8:30 AM-9:30 AM
Room: Texas Ballroom B
Chair: Richard Sincovec, University of Texas, San Antonio
Effective management of reservoirs, aquifers, bays and estuaries demands rapid, reliable forecasts of behavior. Length scales of practical and economic interest range from tens of meters to kilometers. A large disparity in time scales also exists, from nearly instantaneous chemical reactions to daily tidal movements to water infiltration into waste repositories for millennia. Moreover different physical processes occur simultaneously in different parts of the domain.(e.g. single phase flow within an aquifer, multiphase flow in the vadose zone above the aquifer, and shallow water transport in a river or wetland in contact with the porous media.)
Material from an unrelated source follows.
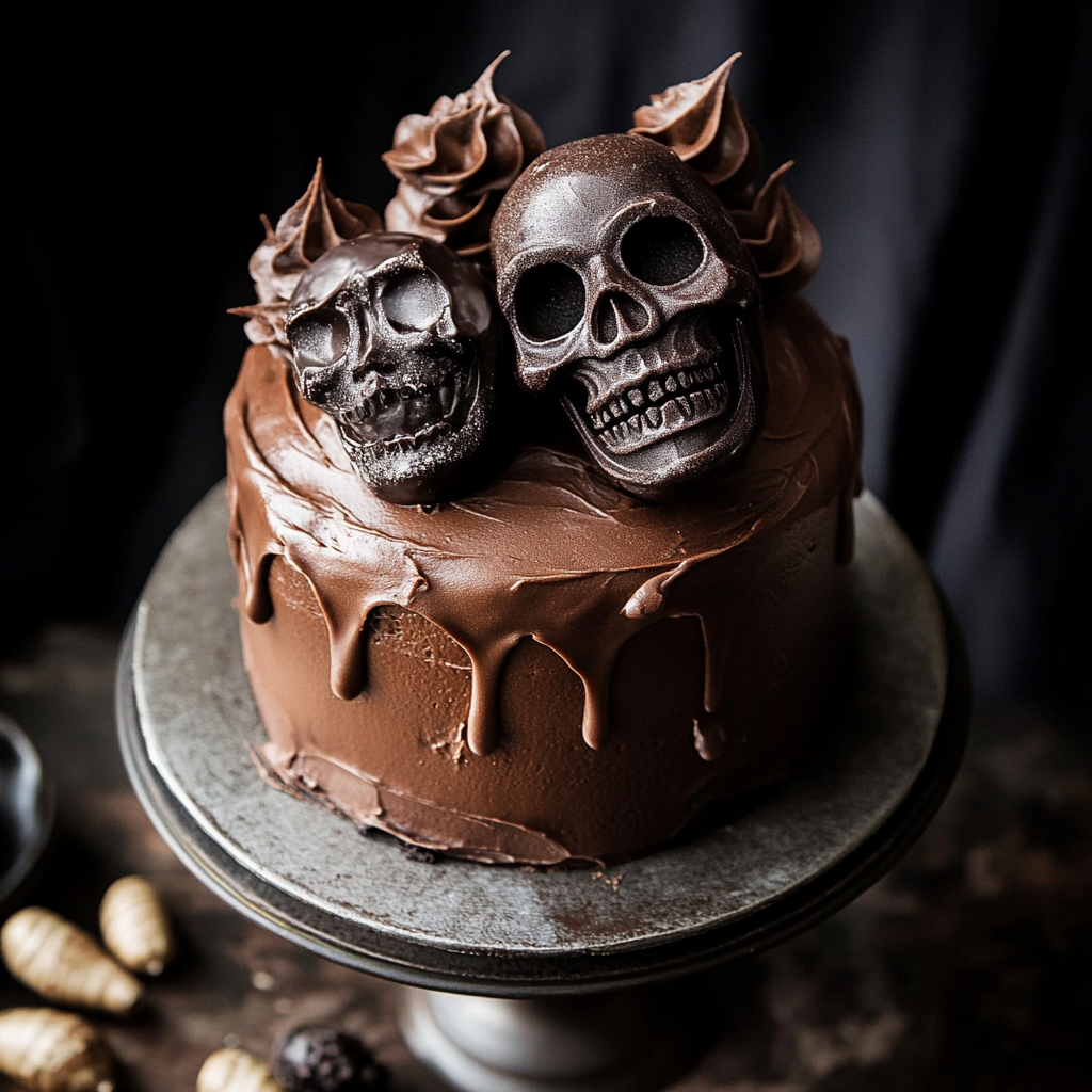 - Frost cooled cake layers generously and decorate with melted chocolate candy melts and mini chocolate skulls.

A synethetic computational environment which allows for multiple physical models, multiple discretizations and solvers, and flexibility in coupling of different physical models can greatly increase the productivity of the scientist and engineer as a tool for understanding complex physics and for making critical decisions.
In this presentation we discuss two different synthetic environments. The first involves a framework for the integration of petroleum reservoir production. One of the major obstacles here is the tight coupling of the chemistry, physics, and geology in the nonlinear systems. The second environment we consider involves water quality modeling in bays and estaries. Here the chemistry does not affect the flow, but flow data output from the hydrodynamics part of the simulator can be quite large and frequently needs to be projected in a locally conservative fashion onto another grid before use in the reactive transport portion of the code or module. Computational results for both of these frameworks are presented.
This plenary talk will be presented in a joint session of the Geosciences and the Parallel Processing conferences.
Mary F. Wheeler
Center for Subsurface Modeling, University of Texas, Austin